*Exercise*. Beneath this instruction is a block of data; output from it exactly the lines that run from the one containing "Over 5,000 square" through the one containing "Compozitie: brad nobilis", inclusive.

*Input for this task*.
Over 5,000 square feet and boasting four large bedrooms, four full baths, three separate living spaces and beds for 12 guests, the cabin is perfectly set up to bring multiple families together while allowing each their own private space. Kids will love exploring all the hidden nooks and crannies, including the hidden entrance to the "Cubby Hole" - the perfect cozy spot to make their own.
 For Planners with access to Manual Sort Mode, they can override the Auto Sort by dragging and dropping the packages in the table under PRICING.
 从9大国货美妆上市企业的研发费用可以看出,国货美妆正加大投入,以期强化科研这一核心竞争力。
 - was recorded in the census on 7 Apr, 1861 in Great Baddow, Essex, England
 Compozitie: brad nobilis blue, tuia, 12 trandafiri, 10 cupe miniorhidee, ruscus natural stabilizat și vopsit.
---
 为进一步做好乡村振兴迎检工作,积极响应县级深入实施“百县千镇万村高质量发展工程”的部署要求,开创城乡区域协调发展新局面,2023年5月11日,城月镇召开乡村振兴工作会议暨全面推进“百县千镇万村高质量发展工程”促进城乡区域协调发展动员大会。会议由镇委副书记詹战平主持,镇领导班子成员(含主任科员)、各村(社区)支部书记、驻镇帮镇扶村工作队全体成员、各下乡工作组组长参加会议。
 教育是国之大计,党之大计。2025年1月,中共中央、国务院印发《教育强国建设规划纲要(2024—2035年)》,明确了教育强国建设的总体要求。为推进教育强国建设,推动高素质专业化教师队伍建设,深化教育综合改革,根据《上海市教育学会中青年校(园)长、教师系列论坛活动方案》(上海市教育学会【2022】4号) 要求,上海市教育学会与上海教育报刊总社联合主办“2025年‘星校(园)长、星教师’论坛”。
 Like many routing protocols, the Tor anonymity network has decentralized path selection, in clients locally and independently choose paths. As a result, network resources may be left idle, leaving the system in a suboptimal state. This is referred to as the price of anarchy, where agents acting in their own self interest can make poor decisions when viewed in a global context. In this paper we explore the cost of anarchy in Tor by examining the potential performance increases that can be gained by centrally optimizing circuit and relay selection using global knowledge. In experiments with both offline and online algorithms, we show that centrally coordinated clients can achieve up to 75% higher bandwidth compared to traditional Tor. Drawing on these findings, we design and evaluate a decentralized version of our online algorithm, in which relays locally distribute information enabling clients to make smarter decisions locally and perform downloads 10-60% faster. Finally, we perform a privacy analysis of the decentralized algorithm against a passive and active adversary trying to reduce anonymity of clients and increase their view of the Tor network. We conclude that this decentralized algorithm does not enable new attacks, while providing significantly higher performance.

*Solution below*.
Over 5,000 square feet and boasting four large bedrooms, four full baths, three separate living spaces and beds for 12 guests, the cabin is perfectly set up to bring multiple families together while allowing each their own private space. Kids will love exploring all the hidden nooks and crannies, including the hidden entrance to the "Cubby Hole" - the perfect cozy spot to make their own.
 For Planners with access to Manual Sort Mode, they can override the Auto Sort by dragging and dropping the packages in the table under PRICING.
 从9大国货美妆上市企业的研发费用可以看出,国货美妆正加大投入,以期强化科研这一核心竞争力。
 - was recorded in the census on 7 Apr, 1861 in Great Baddow, Essex, England
 Compozitie: brad nobilis blue, tuia, 12 trandafiri, 10 cupe miniorhidee, ruscus natural stabilizat și vopsit.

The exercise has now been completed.